Try it: Repeat, word for word, every line from the line holding "Heb je de nieuwste" through the final line of the entries below. Skip all pictures.

------ Provided data ------

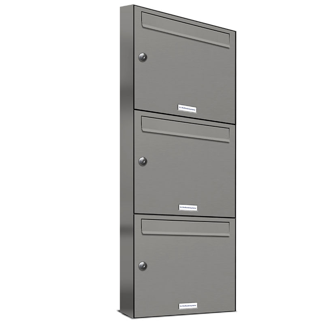 AL Briefkastensysteme 3 Fächer Premium Wand Briefkasten Anlage A4, in RAL 9007 Aluminium Grau und wetterfest, Artikelnummer: 331P3EA1P9007
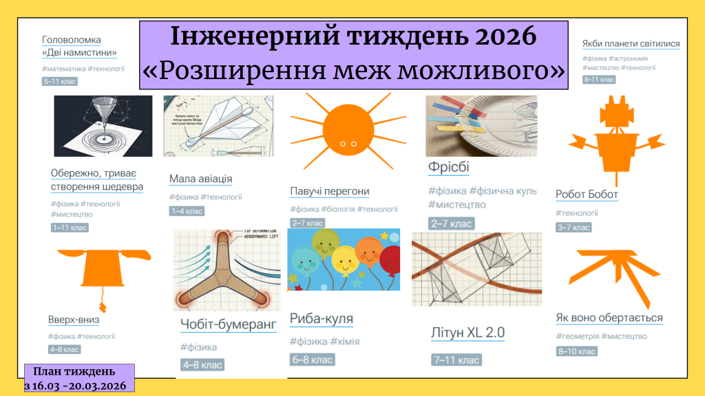 Цього року наш ліцей долучився до Інженерного тижня 2026 — події, яка відкриває дітям світ винахідництва, експериментів і цікавих відкриттів.
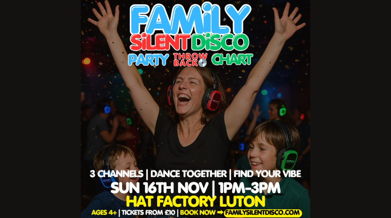 Nov 16 1:00 pm - 3:00 pm Family Silent Disco Hat Factory Arts Centre The Hat Factory Arts Centre, Luton Event Details Get Directions
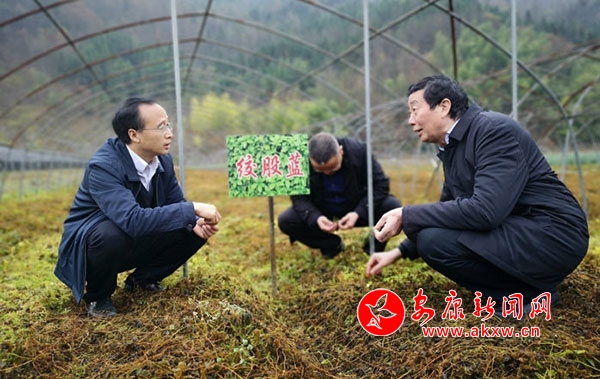 魯琦先后深入平利縣老縣鎮、城關鎮和廣佛鎮,了解北醫大絞股藍基地、興強富硒茶葉(絞股藍)公司、秦漢古茶、東山寨魔芋產業發展情況。在北醫大絞股藍種源基地,魯琦在田間地頭同有關方面負責人一起憶歷程、談現狀、話未來,他指出,要認真總結平利絞股藍產業的發展經驗,切實針對市場需求,有效挖掘“中國絞股藍原產地”“絞股藍之父”“中國馳名商標”品牌效益,積極爭取絞股藍“食藥同源”盡快獲批,不斷加大產品研發、種源培育、規;N植力度,拓寬營銷渠道,全力唱響“全國富硒絞股藍生產第一縣”金字招牌。
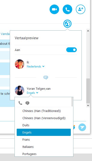 Heb je de nieuwste versie van Skype geïnstalleerd, dan zie je in gesprekken nu een wereldbol-icoontje. Klik daarop om de vertaalfunctie in te schakelen.
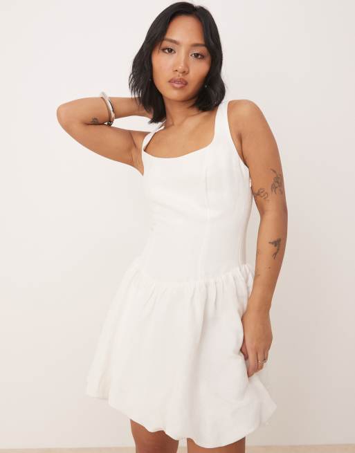 Forever New Petite – Minikleid in Weiß mit eckigem Ausschnitt und tiefem Saum
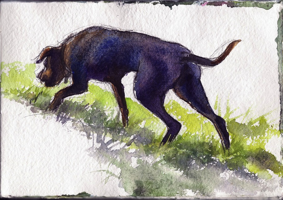Neighbor Laurie, who has a wonderful propensity to paint watercolors instead of snapping photos, brings us this terrific image that captures the Wild Kingdom drama of a canine/rodent confrontation on Bernal Hill. She writes:
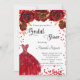 Une invitation à la Fête des mariées moderne, élégante et glamour. Un arrière - plan blanc aux étincelles, une robe rouge et des roses rouges, des fleurs. Le nom est écrit avec un script de style moderne écrit à la main. Personnalisez et ajoutez les détails de votre fête.

------

Reply:
 Heb je de nieuwste versie van Skype geïnstalleerd, dan zie je in gesprekken nu een wereldbol-icoontje. Klik daarop om de vertaalfunctie in te schakelen.
 Forever New Petite – Minikleid in Weiß mit eckigem Ausschnitt und tiefem Saum
Neighbor Laurie, who has a wonderful propensity to paint watercolors instead of snapping photos, brings us this terrific image that captures the Wild Kingdom drama of a canine/rodent confrontation on Bernal Hill. She writes:
 Une invitation à la Fête des mariées moderne, élégante et glamour. Un arrière - plan blanc aux étincelles, une robe rouge et des roses rouges, des fleurs. Le nom est écrit avec un script de style moderne écrit à la main. Personnalisez et ajoutez les détails de votre fête.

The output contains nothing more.